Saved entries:
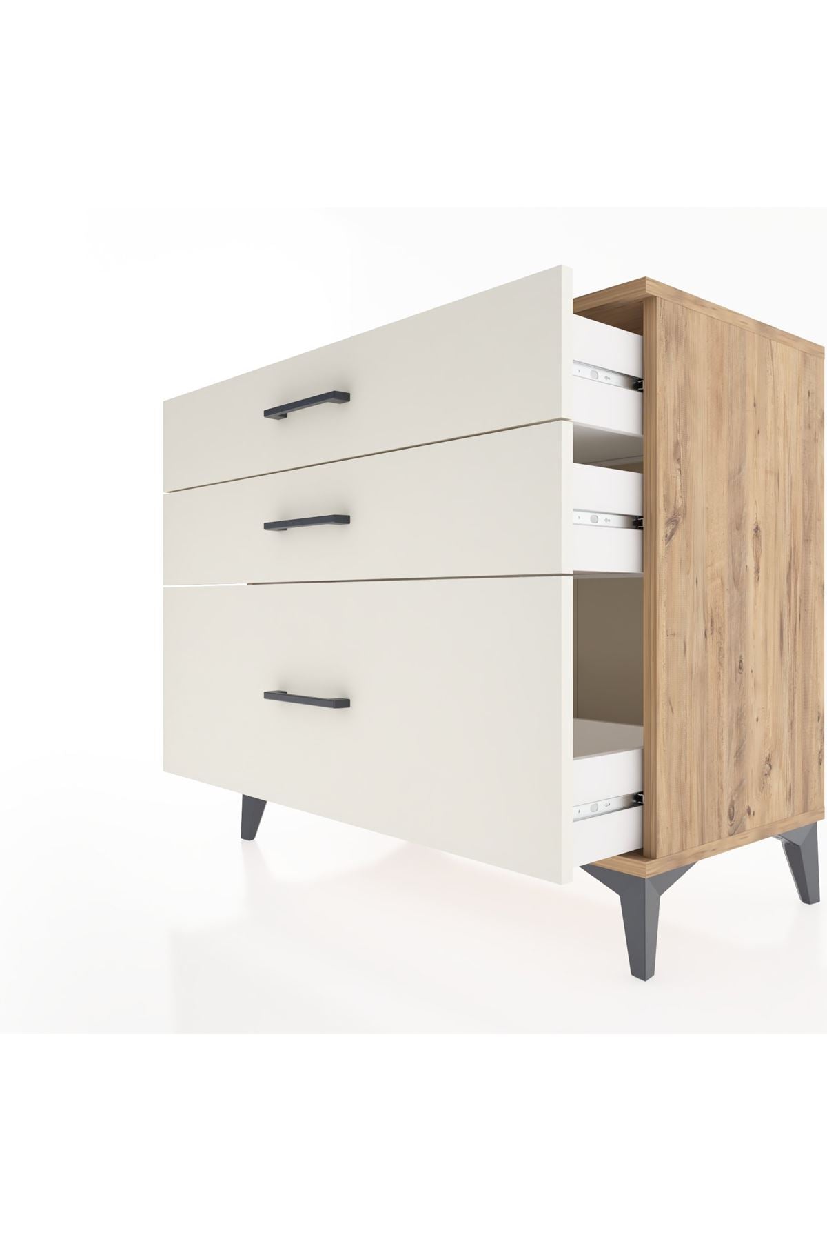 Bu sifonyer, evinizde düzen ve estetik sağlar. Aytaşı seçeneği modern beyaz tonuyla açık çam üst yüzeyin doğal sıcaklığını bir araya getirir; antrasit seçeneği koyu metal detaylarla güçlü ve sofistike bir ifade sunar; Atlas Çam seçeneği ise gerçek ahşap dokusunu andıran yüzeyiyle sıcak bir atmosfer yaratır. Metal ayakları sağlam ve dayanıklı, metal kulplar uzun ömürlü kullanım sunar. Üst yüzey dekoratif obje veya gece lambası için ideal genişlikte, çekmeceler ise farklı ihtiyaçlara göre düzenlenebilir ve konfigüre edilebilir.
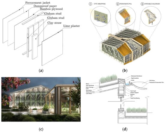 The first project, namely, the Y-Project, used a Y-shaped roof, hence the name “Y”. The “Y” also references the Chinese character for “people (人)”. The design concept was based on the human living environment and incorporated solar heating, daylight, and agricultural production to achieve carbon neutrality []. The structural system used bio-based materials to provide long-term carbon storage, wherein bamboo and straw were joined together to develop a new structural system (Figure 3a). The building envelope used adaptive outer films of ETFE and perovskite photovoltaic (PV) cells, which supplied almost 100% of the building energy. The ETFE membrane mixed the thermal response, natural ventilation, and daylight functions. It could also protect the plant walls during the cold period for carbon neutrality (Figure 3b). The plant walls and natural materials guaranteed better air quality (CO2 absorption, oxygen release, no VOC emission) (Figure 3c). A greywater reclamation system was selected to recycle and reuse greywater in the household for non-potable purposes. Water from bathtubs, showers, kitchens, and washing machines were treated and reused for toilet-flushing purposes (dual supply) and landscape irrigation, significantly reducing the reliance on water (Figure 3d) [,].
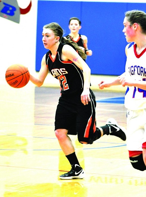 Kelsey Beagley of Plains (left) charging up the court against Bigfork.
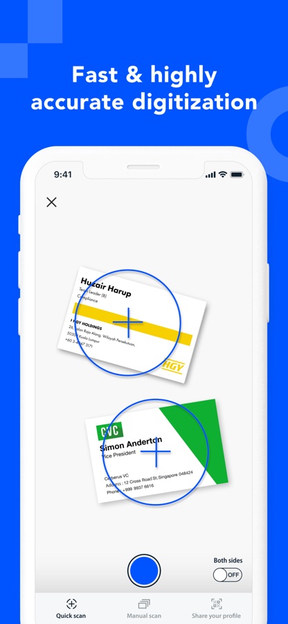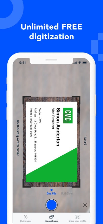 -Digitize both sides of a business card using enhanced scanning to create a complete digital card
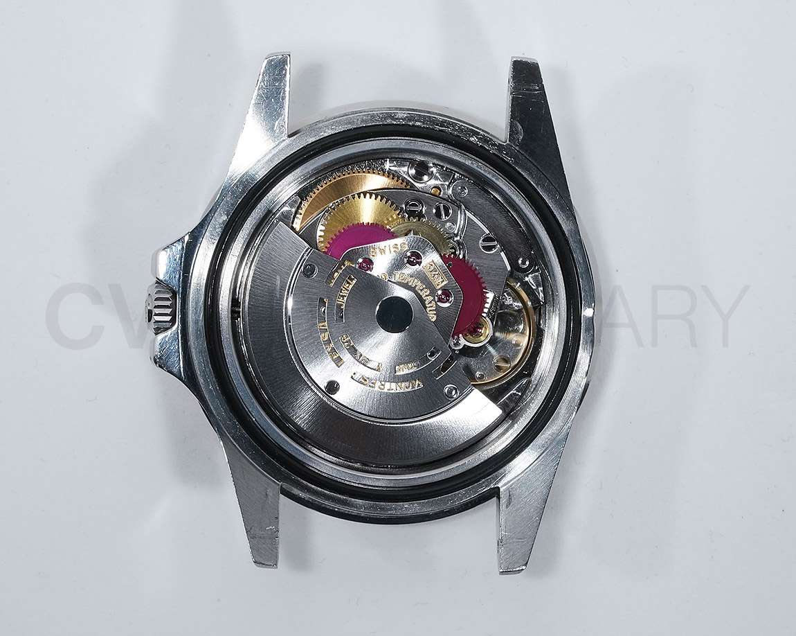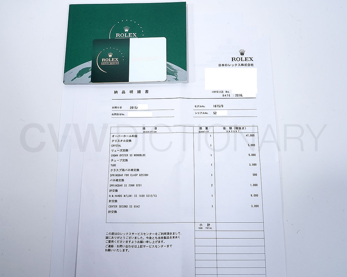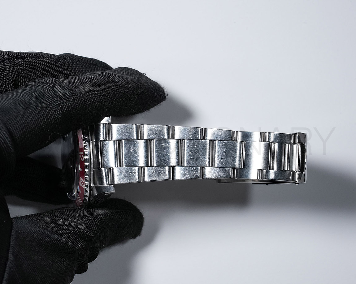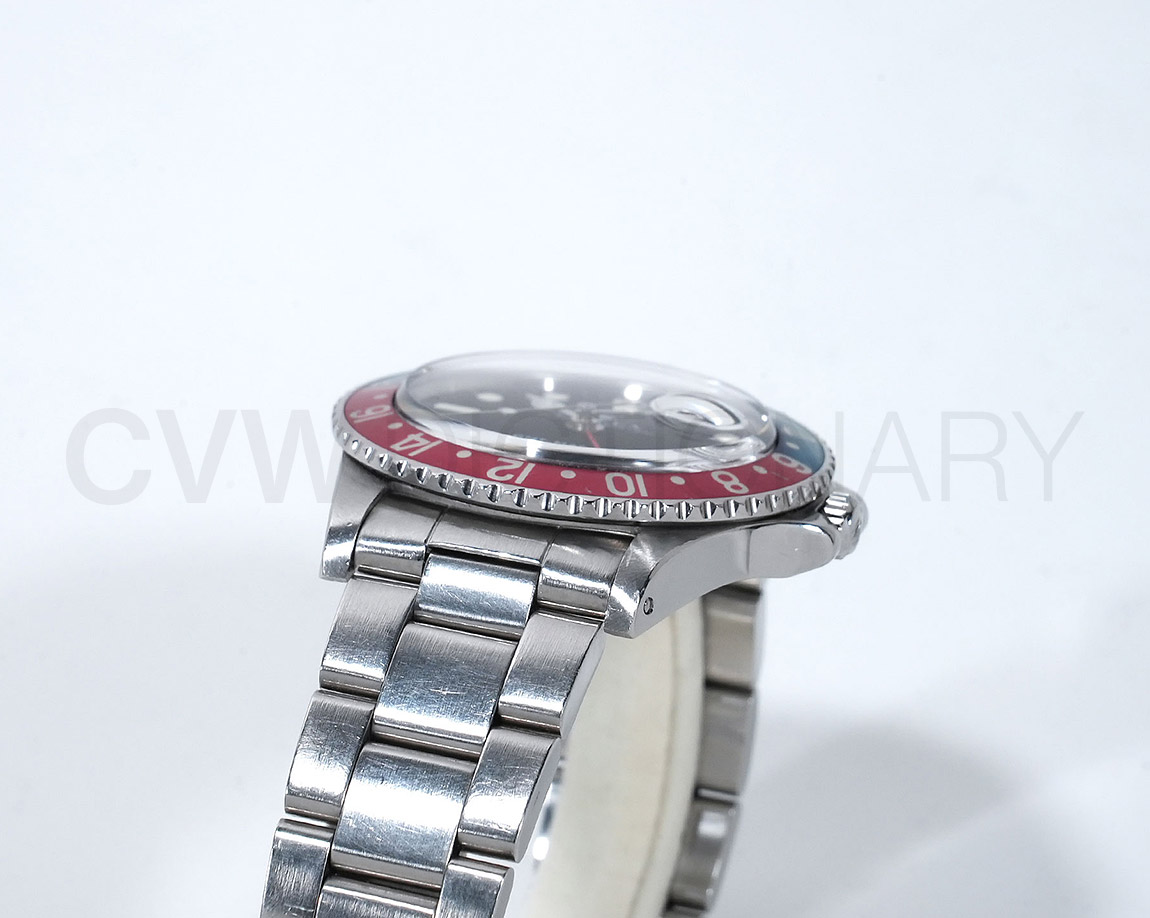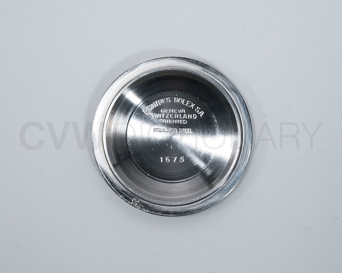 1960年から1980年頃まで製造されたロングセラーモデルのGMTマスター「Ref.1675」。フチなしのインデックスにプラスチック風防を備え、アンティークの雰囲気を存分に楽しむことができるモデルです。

- **What the task asks**
Return every entry word for word, minus the pictures.

- **Solution to the problem**
 Bu sifonyer, evinizde düzen ve estetik sağlar. Aytaşı seçeneği modern beyaz tonuyla açık çam üst yüzeyin doğal sıcaklığını bir araya getirir; antrasit seçeneği koyu metal detaylarla güçlü ve sofistike bir ifade sunar; Atlas Çam seçeneği ise gerçek ahşap dokusunu andıran yüzeyiyle sıcak bir atmosfer yaratır. Metal ayakları sağlam ve dayanıklı, metal kulplar uzun ömürlü kullanım sunar. Üst yüzey dekoratif obje veya gece lambası için ideal genişlikte, çekmeceler ise farklı ihtiyaçlara göre düzenlenebilir ve konfigüre edilebilir.
 The first project, namely, the Y-Project, used a Y-shaped roof, hence the name “Y”. The “Y” also references the Chinese character for “people (人)”. The design concept was based on the human living environment and incorporated solar heating, daylight, and agricultural production to achieve carbon neutrality []. The structural system used bio-based materials to provide long-term carbon storage, wherein bamboo and straw were joined together to develop a new structural system (Figure 3a). The building envelope used adaptive outer films of ETFE and perovskite photovoltaic (PV) cells, which supplied almost 100% of the building energy. The ETFE membrane mixed the thermal response, natural ventilation, and daylight functions. It could also protect the plant walls during the cold period for carbon neutrality (Figure 3b). The plant walls and natural materials guaranteed better air quality (CO2 absorption, oxygen release, no VOC emission) (Figure 3c). A greywater reclamation system was selected to recycle and reuse greywater in the household for non-potable purposes. Water from bathtubs, showers, kitchens, and washing machines were treated and reused for toilet-flushing purposes (dual supply) and landscape irrigation, significantly reducing the reliance on water (Figure 3d) [,].
 Kelsey Beagley of Plains (left) charging up the court against Bigfork.
 -Digitize both sides of a business card using enhanced scanning to create a complete digital card
 1960年から1980年頃まで製造されたロングセラーモデルのGMTマスター「Ref.1675」。フチなしのインデックスにプラスチック風防を備え、アンティークの雰囲気を存分に楽しむことができるモデルです。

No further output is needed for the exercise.